5

TL;DR:

I have a string with characters that are unencodable in UTF-8, and I need to remove these characters before writing the string to a file.

For instance, the following snippet creates a file that contains an invalid UTF-8 byte sequence. I would like this sequence to just not be present in the output file.

(let ((coding-system-for-write 'utf-8))
  (write-region "This is invalid: \x19008e" nil "~/outputfile"))

By checking this character with describe-char, I can see Emacs knows it is not encodable through UTF-8. So there must be a way to detect these characters and remove them.


The Background

I have an emacs-lisp script which converts docstrings to html files, which must be entirely in UTF-8. The following snippet shows essentially what I've been doing so far.

(with-temp-file output-file
  (insert symbol-name "\n" symbol-documentation)
  (set-buffer-file-coding-system 'no-conversion))

Where symbol-documentation is the string returned by describe-variable (the content of the Help buffer).

This seemed to work fine at first, but now I've realised this was causing some files to contain byte-sequences that are not valid UTF-8. Some perpetrators are tibetan-precomposition-rule-alist, language-info-alist, composition-function-table.
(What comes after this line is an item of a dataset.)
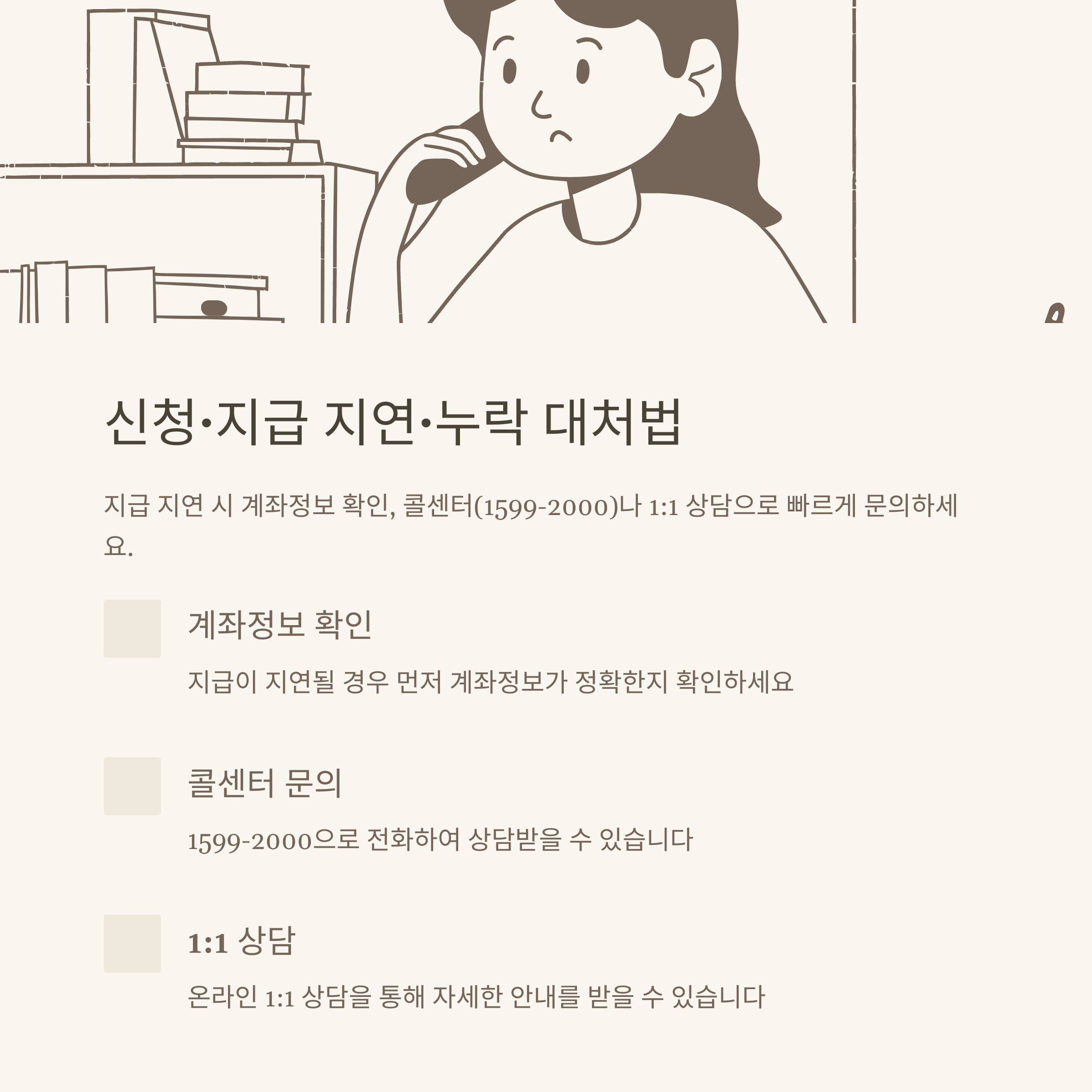 생활비대출 신청·지급이 지연되거나 누락될 때는 실제로 저도 겪었던 일이라 조금은 익숙합니다. 시스템 접속 폭주, 계좌 입력 오류, 학적변동(휴학, 제적 등), 서류 미비 등이 주된 원인인데, 이런 상황에서는 공식 콜센터(1599-2000)나 홈페이지 1:1 상담을 꼭 이용해야 해요.

By manually checking their documentation, I can see my Emacs indeed fails to comprehend part of the content.

Q: How can I ensure only valid UTF-8 byte sequences are written to the output file?
I'm perfectly fine with skipping these invalid sequences entirely (instead of trying to understand them). I just want to make sure the output file is valid.
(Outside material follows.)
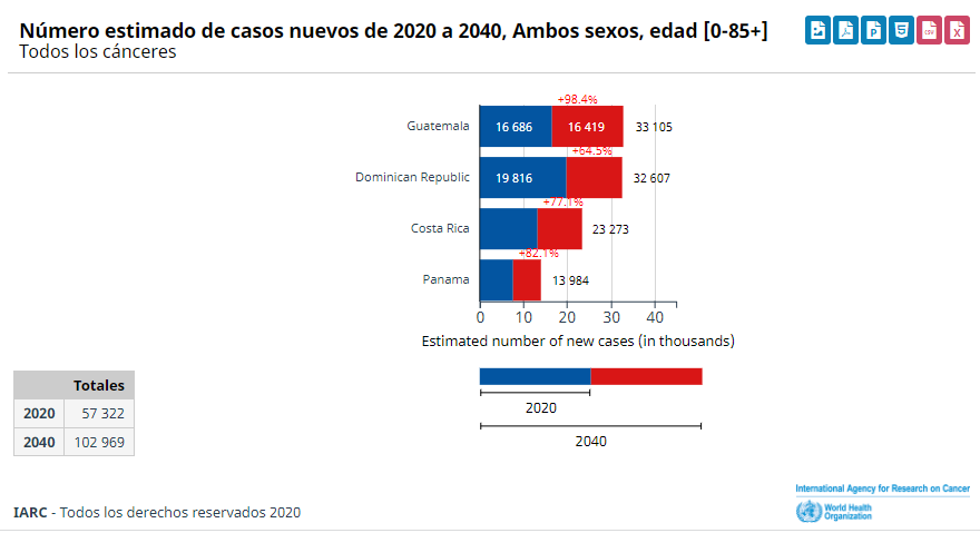 En el caso de Costa Rica, según las predicciones de la Agencia Internacional de Investigación sobre el Cáncer (IARC) de la Organización Mundial de la Salud (OMS), el aumento de casos de cáncer al 2040 sería de un 77%; es decir, se prevé que a esa fecha el número de casos llegaría a 23 273.

I tried changing no-conversion to utf-8, but then my script gets interrupted by a Select coding system: prompt, and the problem still happens.

Malabarba
  • 22,878
  • 6
  • 78
  • 163
  • Maybe write with `utf-16` (this will work), and convert in to `utf-8` with some command-line tool? – abo-abo Dec 25 '14 at 19:29
  • @abo-abo Good idea, I'll try to look for a tool for that. – Malabarba Dec 25 '14 at 19:42
  • How large is the output and how often do you need to produce it? I've written once a UTF-8 encoder in Emacs Lisp, but if this has to be fast, you'd probably do better using some existing library, like `iconv` for example. – wvxvw Dec 25 '14 at 20:01
  • @wvxvw Yes, it kinda needs to be fast. I'm looking into iconv now. – Malabarba Dec 25 '14 at 20:03
  • `iconv -cf UTF-8 -t UTF-8 ./outputfile > ./converted` should do it, I believe. – wvxvw Dec 25 '14 at 20:21
  • Using `utf-8` coding system is The Right Thing. Using `no-conversion` is just an admission that you don't know what you're doing (because, really, there is always some conversion going on). – Stefan Dec 28 '14 at 17:17

2 Answers2

5

Why not use the same mechanism that describe-char uses to identify whether a character is encodable using utf-8 i.e. use encode-coding-char. From the documentation

Encode CHAR by CODING-SYSTEM and return the resulting string. If CODING-SYSTEM can't safely encode CHAR, return nil. The 3rd optional argument CHARSET, if non-nil, is a charset preferred on encoding.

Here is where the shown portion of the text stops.